* Exercise aim *
Restate the data below word for word, omitting pictures.

* Exercise data *
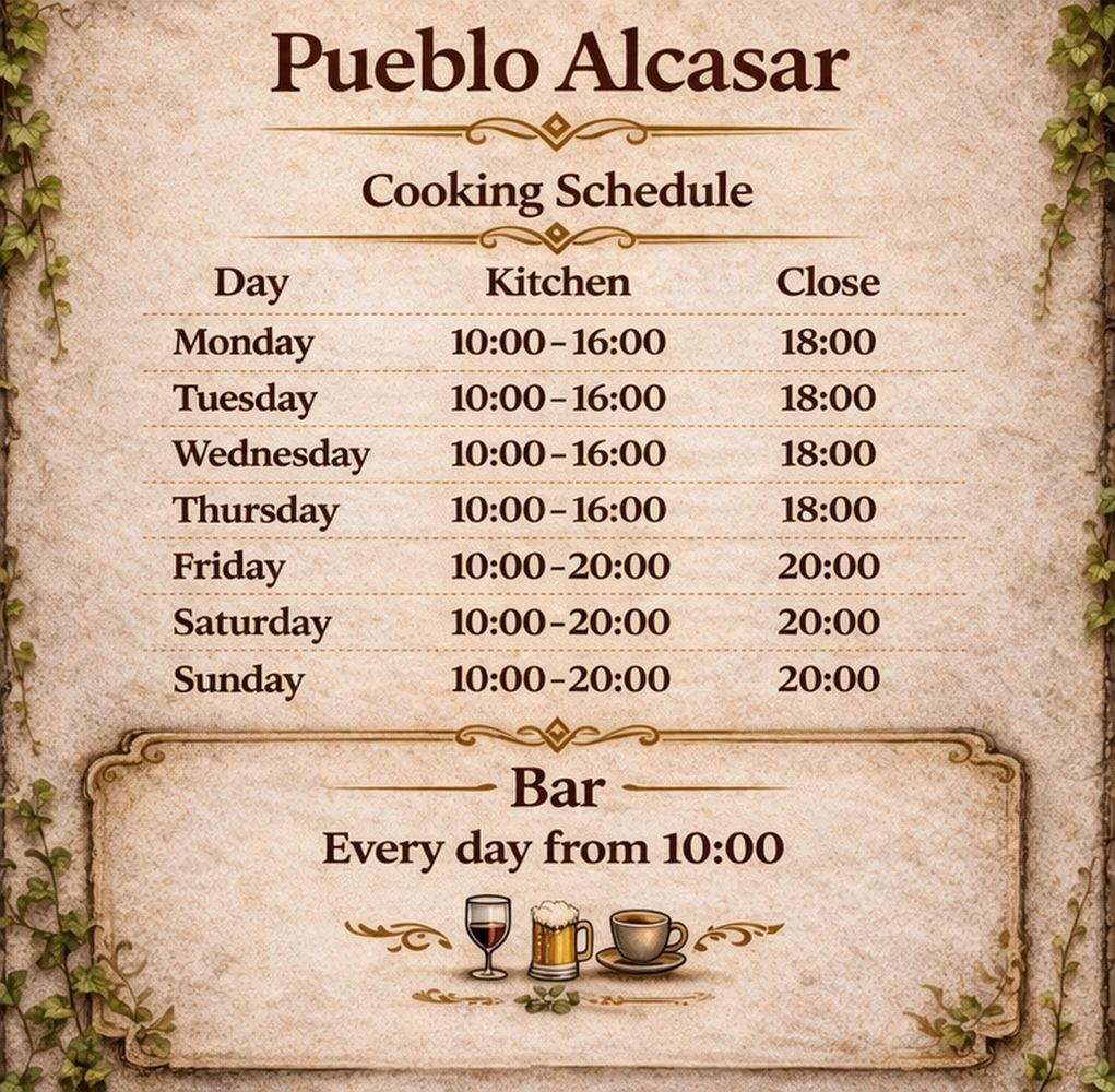 Teléfono | Telephone: +34 601 536 939 E-mail: restaurantepuebloalcasar@gmail.com
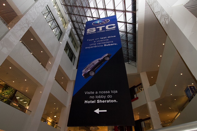 Após instalar, no Sheraton São Paulo WTC Hotel – que integra o complexo Subaru Trade Center -, a primeira concessionária do País a funcionar em um lobby de hotel, a Subaru inova mais uma vez e montou um mega banner na praça de alimentação do D&D Shopping.
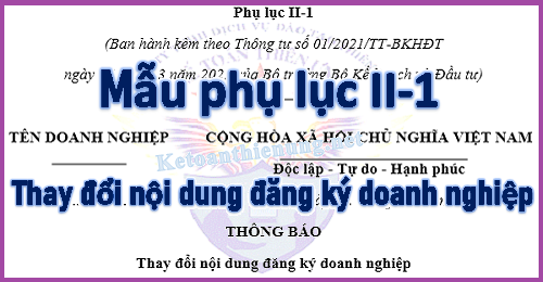 Mẫu Phụ lục II-1 Thông báo Thay đổi nội dung đăng ký doanh nghiệp theo Thông tư 01/2021 mới nhất -> Phụ lục ii-1 đăng ký thay đổi tên, địa chỉ doanh nghiệp, ngành nghề kinh doanh…

* Completed exercise *
 Teléfono | Telephone: +34 601 536 939 E-mail: restaurantepuebloalcasar@gmail.com
 Após instalar, no Sheraton São Paulo WTC Hotel – que integra o complexo Subaru Trade Center -, a primeira concessionária do País a funcionar em um lobby de hotel, a Subaru inova mais uma vez e montou um mega banner na praça de alimentação do D&D Shopping.
 Mẫu Phụ lục II-1 Thông báo Thay đổi nội dung đăng ký doanh nghiệp theo Thông tư 01/2021 mới nhất -> Phụ lục ii-1 đăng ký thay đổi tên, địa chỉ doanh nghiệp, ngành nghề kinh doanh…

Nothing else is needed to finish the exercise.